The Model Context Protocol, or MCP for short, establishes a controlled connection between AI agents and enterprise systems. It prevents uncontrolled direct access to backend systems and instead provides defined tools, data sources and actions via a governance layer. MCP enables AI agents to operate effectively in customer service without relinquishing control over backend systems, data and processes.
For the AI agent in Teams, this means it can appear natural in conversation whilst its actions remain controlled. Authentication, authorisation, filtering, logging, approvals and monitoring are not left to the language model, but are regulated via the platform and the connection layer.
What is trialled internally via Teams can later be transferred to other channels and service contexts: voice, chat, messenger, web, app or contact centre. To this end, the CreaLog AI platform combines free-form dialogue, RAG-based knowledge utilisation, MCP-based tool utilisation, rights and authorisation models, monitoring, graphical workflows, low-code configuration and operation in cloud or on-premises scenarios.
This offers a practical advantage for businesses: an initial use case does not end as an isolated pilot. It can be further developed, expanded and transferred to other channels on the same platform without having to rebuild the underlying governance framework.
A possible development path: first, an internal Teams agent for common knowledge and self-service scenarios. Then controlled actions such as password resets, request processes or queries regarding responsibility. Finally, the extension to customer-related service interactions within the context of CRM, ticketing and knowledge management.
Getting started with AI agents doesn’t have to be complicated. Microsoft Teams offers organisations a pragmatic way to integrate AI into day-to-day service operations.

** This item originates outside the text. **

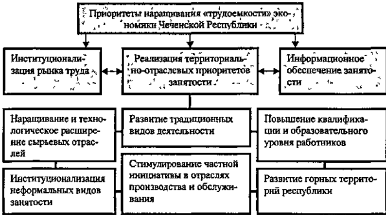
Рис. 5. Территориально-отраслевые приоритеты занятости в системе мер наращивания «трудоемкости» экономики Чеченской Республики

Соответствующие приоритеты могут быть обозначены и для выделенных ранее ареалов: Центральный - является традиционным центром как промышленного освоения, так и нефтедобычи, перспективна организация малого бизнеса сферы услуг, розничной торговли, мелкие вспомогательные производства, в перспективе - занятость на восстанавливаемых машиностроительных предприятиях и в строительстве; Восточный - сочетание трудовых маятниковых миграций, развития личных подсобных хозяйств, роста их товарности, динамики занятости в строительной отрасли, Западный - пригородное хозяйство и частичная занятость населения в г. Грозном; Шалинский - развитие строительной отрасли, Северо-восточный - расширение занятости в нефтедобыче, формирование вспомогательных производств, развитие сельского хозяйства по пригородному типу, виноградарских или же животноводческих предприятий овцеводческого типа, Горная зона и Наурский район - развитие товарного производства в личных подсобных хозяйствах скотоводческой специализации и организация первичной переработки продуктов животноводства, Юго-восточная зона - характеризуется оттоком трудовых ресурсов как в Грозный, так и более близкие развитые Шалинский,

Internal use cases such as knowledge searches, responsibility checks, templates, access requests or password resets quickly demonstrate whether an agent provides genuine value. They build acceptance, improve the quality of knowledge and highlight which processes can be safely automated.
The architecture remains crucial as the foundation for reliable, scalable operations.
CreaLog supports this approach with a platform that combines a low-threshold entry point via Microsoft Teams with the requirements of a productive service operation.
MS Teams makes getting started easy. The platform ensures secure operations. MCP and governance transform a helpful AI assistant into a controlled, capable AI service agent.